A valuation gap still exists between U.S. and non-U.S stocks. Relative to ten years ago, for example, the S&P 500 's price has appreciated 92% versus 21% for Morgan Stanley Capital International's EAFE index of stocks from developed economies in Europe, Australasia and the Far East.
Could that gap close? As the euro's recent rise might suggest, there's evidence of a growing appetite for non-U.S. financial assets. And it 's not hard to argue that U.S. stocks have plenty of room to fall. Based on reported earnings, the S&P 500 now has a trailing 12-month price-to-earnings ratio (P/E) of 29. In early 1995, as the last bull market began its climb, that ratio stood at 16. Hardcore bears say that even the multiple from 1995 looks too rich, arguing that down markets usually don't grind to a halt until earnings multiples bottom out in the single digits.
The bears could always be wrong, but it still may be prudent to make a couple of bets on non-U.S. stocks. For U.S. investors, American Depositary Receipts (ADRs) are the easiest way to do so.
Listed on American exchanges, ADRs are certificates issued by U.S. banks acting as the depositary for shares in the non-U.S. companies. They provide American investors with the same economic benefits as regular shareholders, including dividends.

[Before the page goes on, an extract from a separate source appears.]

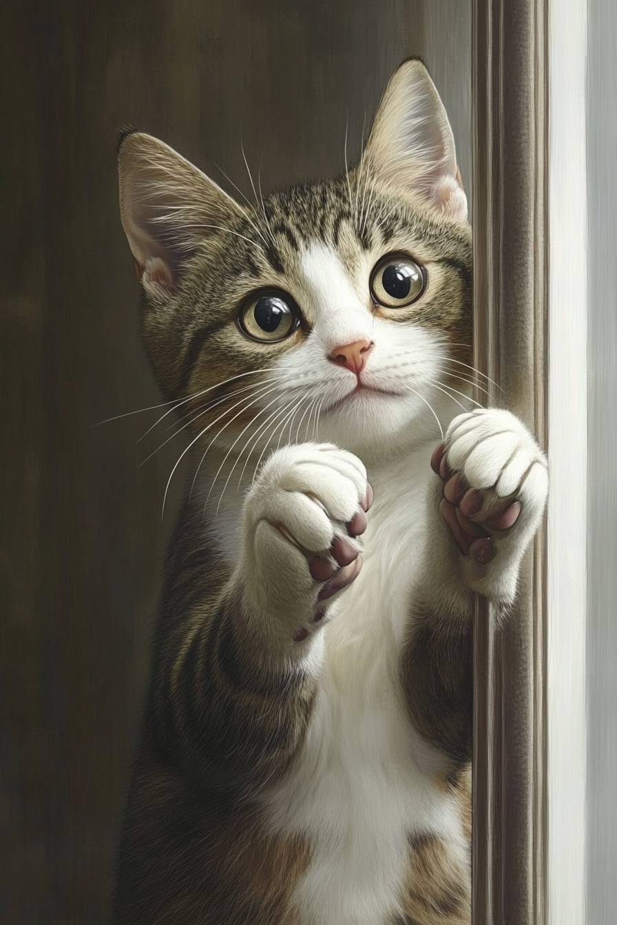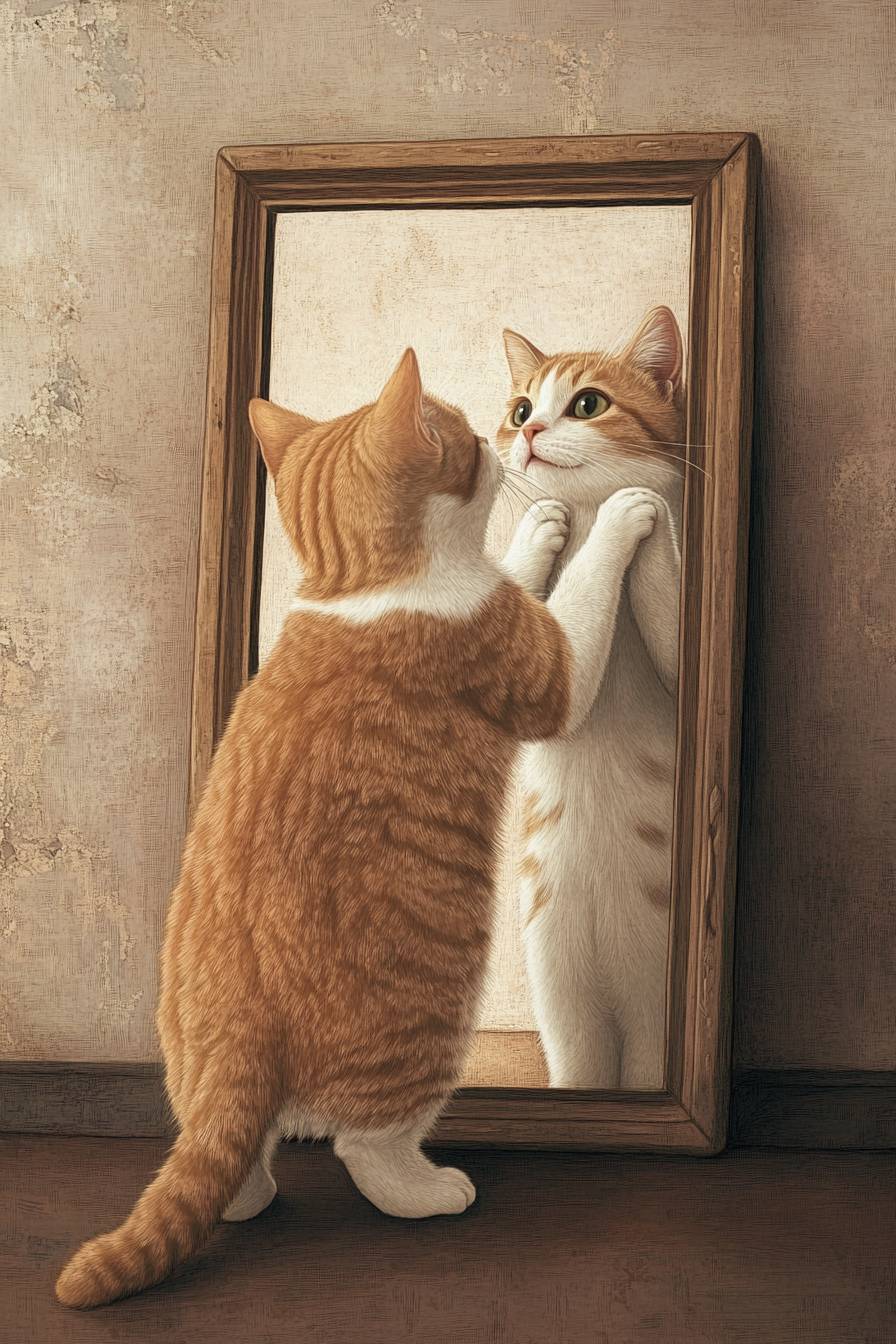 Um gato marrom e branco está de pé em frente a um espelho, olhando para seu próprio reflexo. O gato tem suas patas apoiadas no espelho, como se estivesse conversando consigo mesmo no espelho. O fundo é uma parede simples, e a atmosfera geral é humorística e tocante.

Example: Cadbury Schweppes. At a recent $23, ADRs for the London-based beverage and candy concern trade at just nine times trailing earnings per share. That looks very reasonable next to PepsiCo's trailing multiple of 23. Coca-Cola sells for 24 times trailing profits. And compared to its U.S. rivals, Cadbury shares are also cheaper relative to book value and sales.